The same excised leaf assay was used to inoculate QL3, RTx2536, Theis, and SH1247 in the leaf thickness experiments. A mixture of three virulent strains of C. sublineola (FSP 2, FSP 35, FSP 53) isolated from sorghum was used to determine host response. Plants were inoculated at pre-marked points of leaf blade and midrib tissues at near the apex, near the base, and half-way between the two points. For preparation of inoculum, C. sublineola was inoculated onto half strength potato dextrose agar (PDA) medium and grown at room temperature for 10–14 days. Approximately 1–2 ml of sterile water was added to each plate, and a sterile spatula was used to scrape and remove colony growth of C. sublineola from the plate. This suspension was filtered through four layers of cheesecloth to remove mycelium then before the spores were diluted to a final concentration of ~ 1 × 106 conidia/ml. Excised leaf pieces, placed adaxial side up on the agar surface, were inoculated on each side of the leaf blade and one spot on the midrib using 5 μl of the spore suspension. Excised leaves were observed under an Olympus BX60 microscope at 96 h post-inoculation. Susceptibility was scored using a 1–10 scale: (1) fully resistant without visible fungal infection, (2) fungal germ tube formed, (3) fungal bed formed with some imperfectly formed acervuli, (4) 1–5 acervuli perfectly formed, (5) 6–10 acervuli perfectly formed, (6) 11–15 acervuli perfectly formed, (7) 16–20 acervuli perfectly formed, (8) 21–25 acervuli perfectly formed, (9) 26–30 acervuli perfectly formed, and (10) 31 or more acervuli perfectly formed. The experiment was repeated three to five times with fresh sets of plants.

Statistical analysis

Leaf angle distribution. A student’s t-test for all possible group comparisons was performed with JMP Pro 14 to compare basal leaf angles between leaves 1–8 in 21 Johnsongrass and 4 sorghum cultivars. One-way ANOVA was used to compare basal leaf angles based on leaf position and cultivars. The mean pathogenicity levels of 21 cultivars inoculated separately with spores of C. sublineola isolates FSP2, FSP35, and FSP53 from the previous study6 were tested for correlation with newly collected basal leaf angle distribution data. Basal leaf angle is a continuous variable. Mean pathogenicity levels of each cultivar were generated based on de Winter and Dodou’s concept of treating Likert scale data as a continuous variable24. Here two approaches were made: (1) Mean pathogenicity was treated as a continuous variable, and Pearson’s correlation was tested between mean pathogenicity of each cultivar and basal leaf angle distribution data, and (2) Mean pathogenicity was treated as ordinal data, and Spearman’s rank correlation was performed.

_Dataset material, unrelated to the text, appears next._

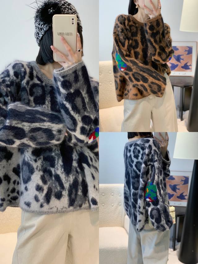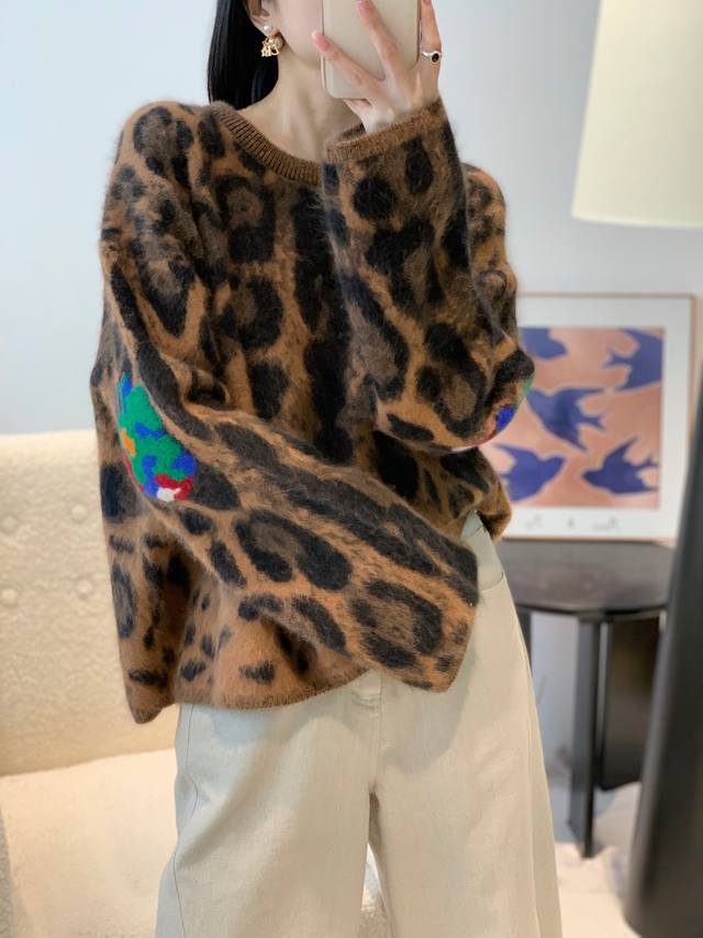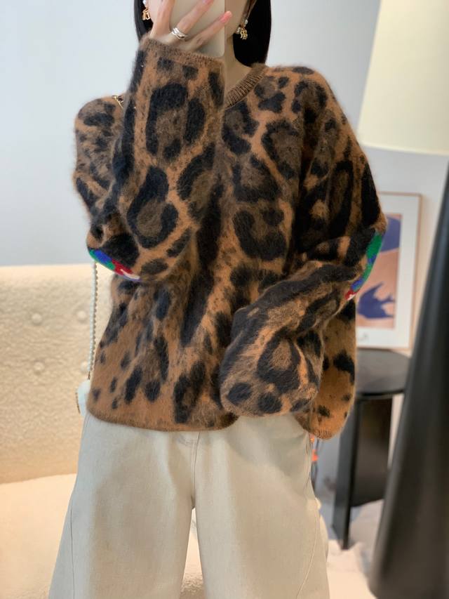 / Beixiong Fleece Leopard Print Pullover Sweater, Solid Color, One Size DDD
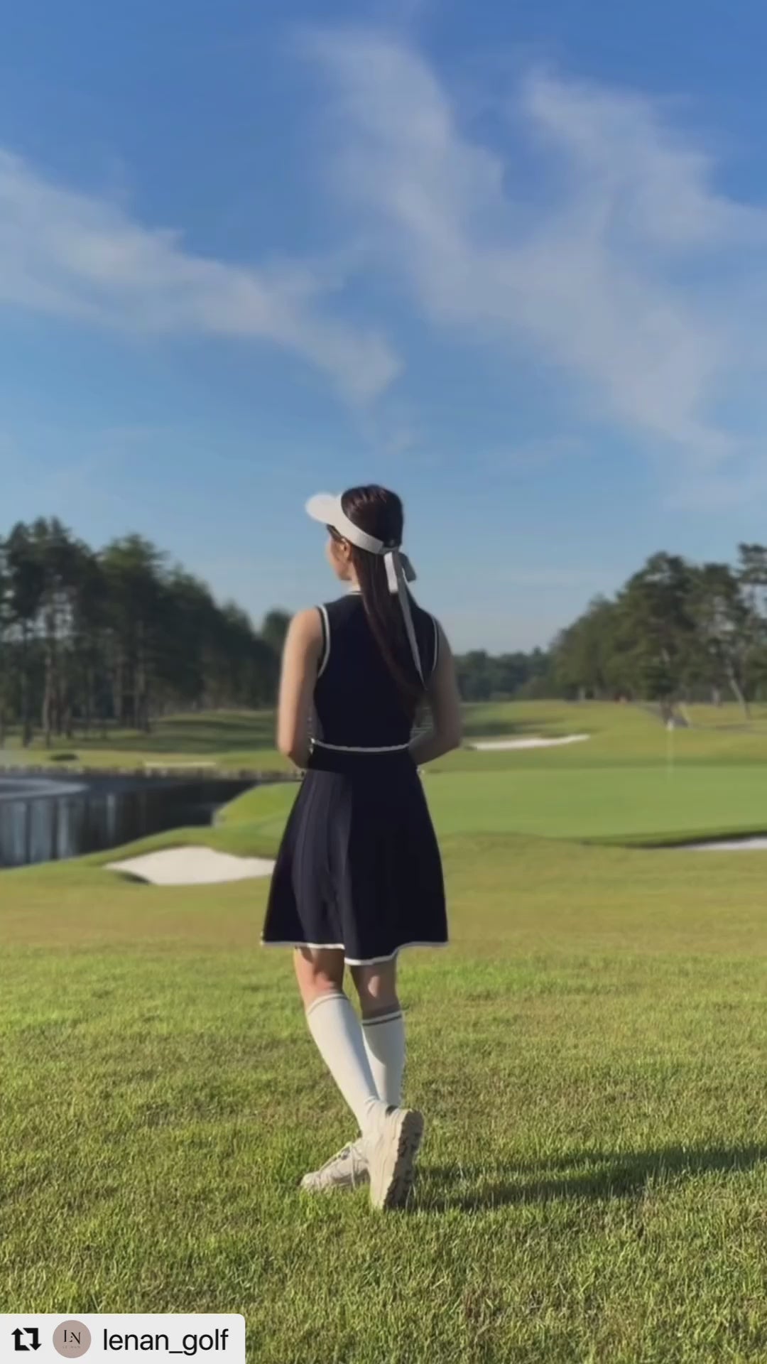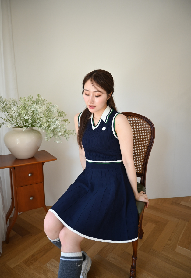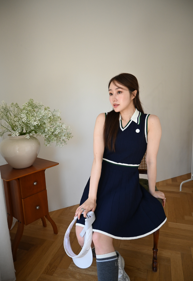 LE.NAN Line-Patterned Ribbed Knit Golf Dress【NAVY】

Leaf thickness. A student’s t-test for all possible group comparisons was performed with JMP Pro 14 to compare leaf thickness between the three points and between leaf and midrib in three sorghum and one Johnsongrass cultivars. The collected leaf thickness data was combined with the results from an excised leaf infection assay and Spearman’s rank correlation test was performed.